Segment Start: Records supplied
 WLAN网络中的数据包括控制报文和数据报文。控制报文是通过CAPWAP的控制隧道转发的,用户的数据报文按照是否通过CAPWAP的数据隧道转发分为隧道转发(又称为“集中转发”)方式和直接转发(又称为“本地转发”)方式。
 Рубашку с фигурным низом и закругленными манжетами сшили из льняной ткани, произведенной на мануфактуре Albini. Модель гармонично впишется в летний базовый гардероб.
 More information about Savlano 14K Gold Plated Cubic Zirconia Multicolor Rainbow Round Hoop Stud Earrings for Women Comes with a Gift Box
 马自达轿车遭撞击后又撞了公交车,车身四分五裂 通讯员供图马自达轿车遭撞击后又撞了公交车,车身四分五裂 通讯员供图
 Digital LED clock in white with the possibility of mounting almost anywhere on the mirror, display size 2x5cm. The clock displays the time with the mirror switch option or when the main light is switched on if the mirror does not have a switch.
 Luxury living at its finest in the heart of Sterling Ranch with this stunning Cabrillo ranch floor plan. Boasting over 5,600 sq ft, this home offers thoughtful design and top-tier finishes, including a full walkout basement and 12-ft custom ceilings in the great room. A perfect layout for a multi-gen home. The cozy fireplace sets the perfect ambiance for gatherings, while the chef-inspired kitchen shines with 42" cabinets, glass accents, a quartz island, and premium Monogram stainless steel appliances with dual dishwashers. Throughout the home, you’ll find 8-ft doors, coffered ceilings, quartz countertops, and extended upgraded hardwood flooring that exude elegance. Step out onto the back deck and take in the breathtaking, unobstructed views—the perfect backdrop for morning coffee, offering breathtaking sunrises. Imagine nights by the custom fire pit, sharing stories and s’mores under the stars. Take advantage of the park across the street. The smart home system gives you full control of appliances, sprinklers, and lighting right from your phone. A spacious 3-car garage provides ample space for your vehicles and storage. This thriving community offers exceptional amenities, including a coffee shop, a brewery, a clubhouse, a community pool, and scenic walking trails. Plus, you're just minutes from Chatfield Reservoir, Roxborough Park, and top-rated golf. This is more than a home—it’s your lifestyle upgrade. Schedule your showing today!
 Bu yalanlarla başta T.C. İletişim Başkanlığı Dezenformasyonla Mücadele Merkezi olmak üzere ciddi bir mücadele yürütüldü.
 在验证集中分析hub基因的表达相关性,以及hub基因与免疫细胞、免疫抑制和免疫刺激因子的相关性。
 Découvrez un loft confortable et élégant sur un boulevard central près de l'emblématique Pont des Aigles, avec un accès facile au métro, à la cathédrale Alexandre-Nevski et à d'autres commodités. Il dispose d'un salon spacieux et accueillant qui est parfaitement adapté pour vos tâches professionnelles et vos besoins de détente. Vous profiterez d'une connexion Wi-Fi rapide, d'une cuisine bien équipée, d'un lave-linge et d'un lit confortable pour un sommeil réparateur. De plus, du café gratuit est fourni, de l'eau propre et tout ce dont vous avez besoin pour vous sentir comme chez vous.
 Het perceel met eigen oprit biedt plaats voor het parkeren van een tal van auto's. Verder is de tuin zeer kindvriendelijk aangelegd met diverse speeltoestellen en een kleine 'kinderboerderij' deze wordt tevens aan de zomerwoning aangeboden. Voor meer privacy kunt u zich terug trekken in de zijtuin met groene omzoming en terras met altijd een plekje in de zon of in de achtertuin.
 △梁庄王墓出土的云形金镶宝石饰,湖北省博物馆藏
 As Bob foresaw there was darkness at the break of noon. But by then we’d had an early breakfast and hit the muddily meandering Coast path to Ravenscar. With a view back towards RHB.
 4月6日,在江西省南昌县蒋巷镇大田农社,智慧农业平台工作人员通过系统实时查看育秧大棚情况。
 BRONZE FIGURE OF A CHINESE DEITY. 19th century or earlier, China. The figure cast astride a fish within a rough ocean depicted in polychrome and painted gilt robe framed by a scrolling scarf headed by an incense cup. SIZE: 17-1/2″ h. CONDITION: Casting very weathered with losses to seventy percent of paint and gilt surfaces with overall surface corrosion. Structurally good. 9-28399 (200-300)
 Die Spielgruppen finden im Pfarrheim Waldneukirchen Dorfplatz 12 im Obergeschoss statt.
Segment End: Records supplied
**Problem to work on**.
Each record above should be returned exactly as written.

**Solution for this exercise**.
 WLAN网络中的数据包括控制报文和数据报文。控制报文是通过CAPWAP的控制隧道转发的,用户的数据报文按照是否通过CAPWAP的数据隧道转发分为隧道转发(又称为“集中转发”)方式和直接转发(又称为“本地转发”)方式。
 Рубашку с фигурным низом и закругленными манжетами сшили из льняной ткани, произведенной на мануфактуре Albini. Модель гармонично впишется в летний базовый гардероб.
 More information about Savlano 14K Gold Plated Cubic Zirconia Multicolor Rainbow Round Hoop Stud Earrings for Women Comes with a Gift Box
 马自达轿车遭撞击后又撞了公交车,车身四分五裂 通讯员供图马自达轿车遭撞击后又撞了公交车,车身四分五裂 通讯员供图
 Digital LED clock in white with the possibility of mounting almost anywhere on the mirror, display size 2x5cm. The clock displays the time with the mirror switch option or when the main light is switched on if the mirror does not have a switch.
 Luxury living at its finest in the heart of Sterling Ranch with this stunning Cabrillo ranch floor plan. Boasting over 5,600 sq ft, this home offers thoughtful design and top-tier finishes, including a full walkout basement and 12-ft custom ceilings in the great room. A perfect layout for a multi-gen home. The cozy fireplace sets the perfect ambiance for gatherings, while the chef-inspired kitchen shines with 42" cabinets, glass accents, a quartz island, and premium Monogram stainless steel appliances with dual dishwashers. Throughout the home, you’ll find 8-ft doors, coffered ceilings, quartz countertops, and extended upgraded hardwood flooring that exude elegance. Step out onto the back deck and take in the breathtaking, unobstructed views—the perfect backdrop for morning coffee, offering breathtaking sunrises. Imagine nights by the custom fire pit, sharing stories and s’mores under the stars. Take advantage of the park across the street. The smart home system gives you full control of appliances, sprinklers, and lighting right from your phone. A spacious 3-car garage provides ample space for your vehicles and storage. This thriving community offers exceptional amenities, including a coffee shop, a brewery, a clubhouse, a community pool, and scenic walking trails. Plus, you're just minutes from Chatfield Reservoir, Roxborough Park, and top-rated golf. This is more than a home—it’s your lifestyle upgrade. Schedule your showing today!
 Bu yalanlarla başta T.C. İletişim Başkanlığı Dezenformasyonla Mücadele Merkezi olmak üzere ciddi bir mücadele yürütüldü.
 在验证集中分析hub基因的表达相关性,以及hub基因与免疫细胞、免疫抑制和免疫刺激因子的相关性。
 Découvrez un loft confortable et élégant sur un boulevard central près de l'emblématique Pont des Aigles, avec un accès facile au métro, à la cathédrale Alexandre-Nevski et à d'autres commodités. Il dispose d'un salon spacieux et accueillant qui est parfaitement adapté pour vos tâches professionnelles et vos besoins de détente. Vous profiterez d'une connexion Wi-Fi rapide, d'une cuisine bien équipée, d'un lave-linge et d'un lit confortable pour un sommeil réparateur. De plus, du café gratuit est fourni, de l'eau propre et tout ce dont vous avez besoin pour vous sentir comme chez vous.
 Het perceel met eigen oprit biedt plaats voor het parkeren van een tal van auto's. Verder is de tuin zeer kindvriendelijk aangelegd met diverse speeltoestellen en een kleine 'kinderboerderij' deze wordt tevens aan de zomerwoning aangeboden. Voor meer privacy kunt u zich terug trekken in de zijtuin met groene omzoming en terras met altijd een plekje in de zon of in de achtertuin.
 △梁庄王墓出土的云形金镶宝石饰,湖北省博物馆藏
 As Bob foresaw there was darkness at the break of noon. But by then we’d had an early breakfast and hit the muddily meandering Coast path to Ravenscar. With a view back towards RHB.
 4月6日,在江西省南昌县蒋巷镇大田农社,智慧农业平台工作人员通过系统实时查看育秧大棚情况。
 BRONZE FIGURE OF A CHINESE DEITY. 19th century or earlier, China. The figure cast astride a fish within a rough ocean depicted in polychrome and painted gilt robe framed by a scrolling scarf headed by an incense cup. SIZE: 17-1/2″ h. CONDITION: Casting very weathered with losses to seventy percent of paint and gilt surfaces with overall surface corrosion. Structurally good. 9-28399 (200-300)
 Die Spielgruppen finden im Pfarrheim Waldneukirchen Dorfplatz 12 im Obergeschoss statt.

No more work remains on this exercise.